An airman assists a patient with a COVID-19 test.

The state Emergency Operations Center was partially activated Jan. 22. It included officials from the state's health department and external affairs. Two days later, the center was fully activated with the health department's incident management team working out of the SEOC. Personnel were split between Health’s lab at Shoreline, its headquarters in Tumwater and the SEOC on Camp Murray. By mid-March, officials from the  Department of Health, Washington Emergency Management Division and the Washington State Department of Social and Health Services developed a unified command structure.

For a few days at the end of February and beginning of March, teams from Health, Emergency Management and other state agencies came together to craft and strategize for some of the nonpharmaceutical interventions that would help guide the state in the months to come.
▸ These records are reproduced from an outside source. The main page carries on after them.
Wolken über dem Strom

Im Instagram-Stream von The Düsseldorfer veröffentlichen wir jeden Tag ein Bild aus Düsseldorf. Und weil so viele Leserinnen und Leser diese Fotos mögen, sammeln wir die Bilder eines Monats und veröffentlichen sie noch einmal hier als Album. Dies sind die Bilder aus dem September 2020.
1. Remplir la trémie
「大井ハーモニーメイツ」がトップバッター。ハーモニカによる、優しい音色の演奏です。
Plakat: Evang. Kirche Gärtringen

"Its purpose is to help public health officials, emergency management and partners choose which mitigation strategies to implement to limit and prevent the spread of novel respiratory diseases of concern," Chris Utzinger, EOC response section manager, said Feb. 28.
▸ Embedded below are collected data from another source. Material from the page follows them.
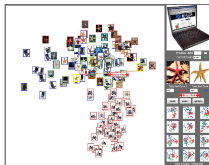
図 3: HAL を促すシステムデザイン
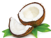
cocco nutre il pelo
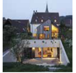
Oppenheim Architecture 86.
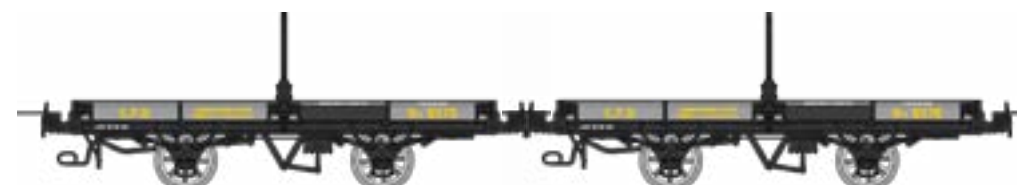
WM-035 Coffret de 2 plats porte-grumes freinés, gris et ferrures noires, CFD Htv 6575 et Htv 6576
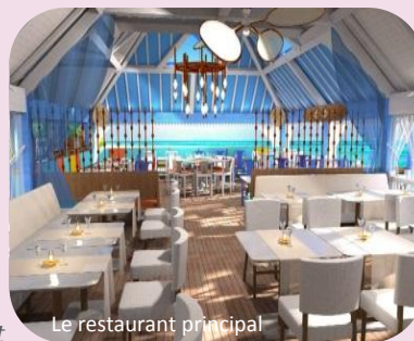
Le restaurant principal

A partir de novembre 2014 : Création d'un nouveau Spa avec un partenaire de renom : L'Occitane en Provence Rénovation et extension de «Le Christopher» restaurant principal Rénovation de la piscine principale Nouvelle activité à la carte : Le Kitesurf*
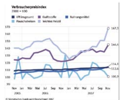
Preisexplosion: Die Preisentwicklung für Heizkosten ist gigantisch

Wärmetauscher, Wärmepumpe und alternative Kollektorsysteme sind geradezu prädestiniert, um in Verbindung
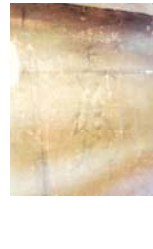
『魅力ある和の空間ガイドブック』掲載建物です!

The marathon sessions started with the obvious advice: encouraging state residents to increase their hand washing and use of alcohol-based sanitizer, frequently clean and disinfect surfaces, and show proper cough and hygiene etiquette. Then, the nonpharmaceutical interventions started mentioning things that would become commonplace months later: social distancing, isolating sick people, cancelling public and large private gatherings, and ordering the closure of schools, child care facilities, workplaces and public buildings.
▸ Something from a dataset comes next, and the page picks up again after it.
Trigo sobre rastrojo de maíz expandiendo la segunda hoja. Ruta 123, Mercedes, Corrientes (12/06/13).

By the second week of March, restaurant doors were closed, schools were shut down and people were told to stay home unless they were going out for an "essential" service, such as shopping for groceries. Employees at the Washington Military Department were given unprecedented access to teleworking and told to stay home if they could.

"While this emergency can be unnerving, more than anything, I ask you to stay calm," the state's adjutant general, Army Maj. Gen. Bret D. Daugherty, wrote in an email March 19. "Together, we're going to get through this. I can assure you of that. Combining our state and federal forces, we have a talented team working day and night to help address this situation, and I’m confident we’re making a difference. Let’s continue to lead by example and take the steps necessary to slow the spread."

Vice President Visit

On March 5, before widespread shutdowns hit the state, Vice President Mike Pence visited Camp Murray, bringing many top federal officials with him. At the time, Washington state had been the hardest-hit state, with at least 70 confirmed infections and 11 dead.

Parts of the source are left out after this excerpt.